JOHNSTON, Iowa – Rising water levels at the Saylorville Lake Reservoir have forced the Army Corps of Engineers to take some precautions to keep water from reaching the spill-way, which would lead to flooding.
Opening the gates is allowing water in Saylorville Lake to flow down-stream into the much larger Lake Red Rock in Marion County to keep water levels below flood stage.
The raging waters attracted plenty of people to Saylorville Friday afternoon. Many were just enjoying the scenery instead of worrying about flooding.
“The appeal to me is to watch the kids enjoy the flow of the water. They enjoy watching it come out of the dam,” Duane Alpers from Polk City said.
The water is being released from the Saylorville Reservoir at about fifteen thousand cubic feet per second.
Due to heavy rains up in northern Iowa and southern Minnesota, the water is coming into the lake much faster – at about 19 thousand cubic feet per second.
That will cause the river to rise another seven feet Saturday and continue to rise for another week.

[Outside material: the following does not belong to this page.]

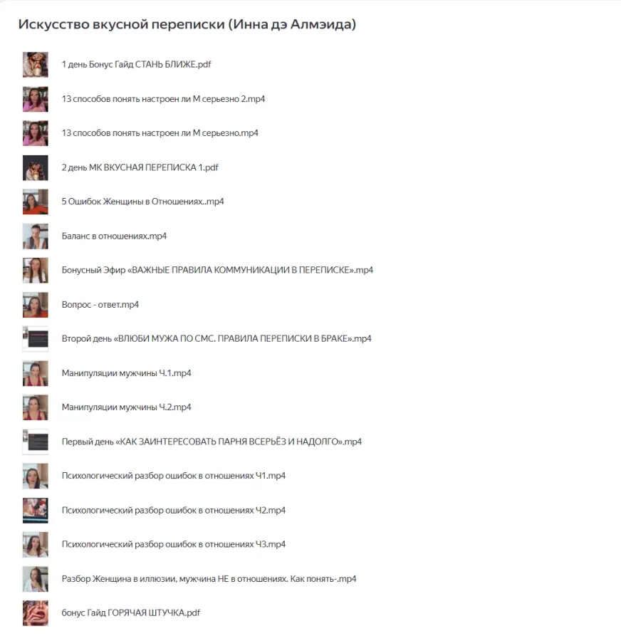 Rezepov / Рустам Резепов - Продвинутый курс по переписке. Тариф Стандарт (2024)Светлана Керимова - Высший пилотаж в отношениях. VIP курсИнна Тлиашинова - Денежная сексуальность. Новогодний Бокс – Все Включено (2023)Ladies School / Инна дэ Алмэида - Женщина влюбленная в жизньNS TV / Никита Мартынов - Знакомства в сети (2020)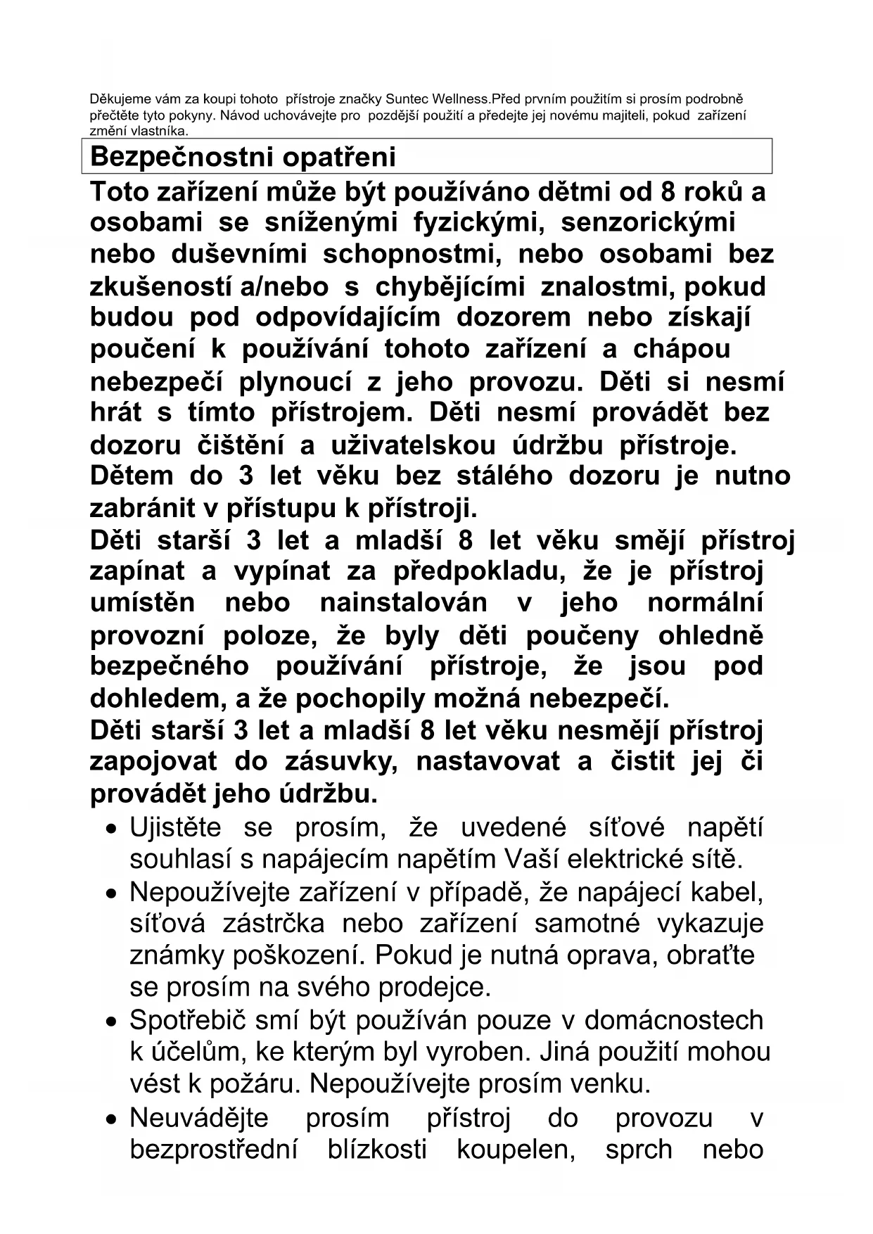 Návod k použitíDěkujeme vám za koupi tohoto přístroje značky Suntec Wellness.Před prvním použitím si prosím podrobně přečtěte tyto pokyny. Návod uchovávejte pro pozdější použití a předejte jej novému majiteli, pokud zařízení změní vlastníka. Bezpe čnostni opatřeni Toto zařízení může být používáno dětmi od 8 roků a osobami se sníženými fyzickými, senzorickými nebo duševními schopnostmi, nebo osobami bez zkušeností a/nebo s chybějícími znalostmi, pokud budou pod odpovídajícím dozorem nebo získají poučení k používání tohoto zařízení a chápou nebezpečí plynoucí z jeho provozu. Děti si nesmí hrát s tímto přístrojem. Děti nesmí provádět bez dozoru čištění a uživatelskou údržbu přístroje. Dětem do 3 let věku bez stálého dozoru je nutno zabránit v přístupu k přístroji. Děti starší 3 let a mladší 8 let věku smějí přístroj zapínat a vypínat za předpokladu, že je přístroj umístěn nebo nainstalován v jeho normální provozní poloze, že byly děti poučeny ohledně bezpečného používání přístroje, že jsou pod dohledem, a že pochopily možná nebezpečí. Děti starší 3 let a mladší 8 let věku nesmějí přístroj zapojovat do zásuvky, nastavovat a čistit jej či provádět jeho údržbu.

The peak water level forecast has actually dropped since Thursday and will be more than twenty foot below flood levels when it is reached on June 28.
However, engineers are watching the forecast closely.
A few torrential down-pours up north and Saylorville may not be able to empty quickly enough to keep the water from the spill-way.
“If the northern watershed fills up, if for some reason the southern watershed gets hit really hard, and if some reason we have to cut back our releases, obviously that would cause the lake to fill up a little faster,” Saylorville Operations Manager Jeff Rose explained.
The rising river levels have led to a number of closures at Saylorville Lake.
By Monday, the only boat ramps that will be open will be the Cherry Glen and Lakeview high water ramps.
A number of beaches and access roads have already been closed.